Review by Joyce Moyer Hostetter
http://www.joycemoyerhostetter.com/


The Wonder Kid is one that I like to recommend when I speak to school groups about polio. It’s a lovely little book. Such a great size and so kid friendly with its comic strip feel. It is the story of Jesse MacLean who faced some serious life changing things one summer. As Jesse puts it:

Summer is when you’re supposed to have all sorts of fun, like one long recess…
Well, 1954, when Gramps moved in with us, was the summer of no fun—and it was all because of polio.
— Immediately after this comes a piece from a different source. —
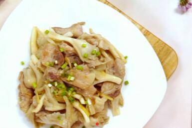 锅中放油加肉片,姜蒜,炒至变色加平菇。
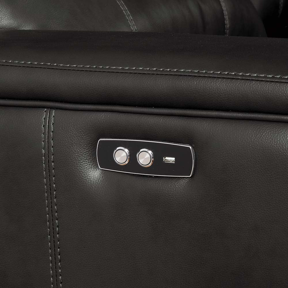 The Saul sectional collection offers luxurious contemporary looks and multi-function features. Fully wrapped with smooth leather-aire and framed with hard wood, quality and durability are guaranteed for your enjoyment. Features two power motion reclining seats and its complemented by USB Charging Docks provided at both ends, making it come in handy for you to charge any handheld devices. Available in Black, Gray or Espresso Finish

1954 was also the year that Jonas Salk conducted his field trial for the polio vaccine and one year later he announced the vaccine’s success. Meanwhile parents were deathly afraid for their children’s health and Jesse’s mom was no exception. So she kept him in the house as much as possible – no swimming whatsoever and only one trip alone to the picture show. Jesse spent his time drawing, visiting with his Gramps, and imagining himself strong like Charles Atlas.

Then grief strikes Jesse and polio does too. He feels weaker than ever. But in some ways he is just finding his own strength.

This story is about much more than polio. It is about relationships and how they carry us through difficult times, how the smallest things we say have a lasting impact on others, and how people who seem really tough on the outside may actually feel as vulnerable as we do on the inside.

Jesse shares this story in first person. His voice is “easy listening” – not in the relaxing sense of the word; there are some disturbing things in his story. But he shares them with humor and honesty and the reader cares about him right away.

The author note at the end is a really good overview of polio history.

Oh, and I loved this word of wisdom from Jesse MacLean:

Sometimes when a mean thought goes through your head, it’s better to zip your mouth closed.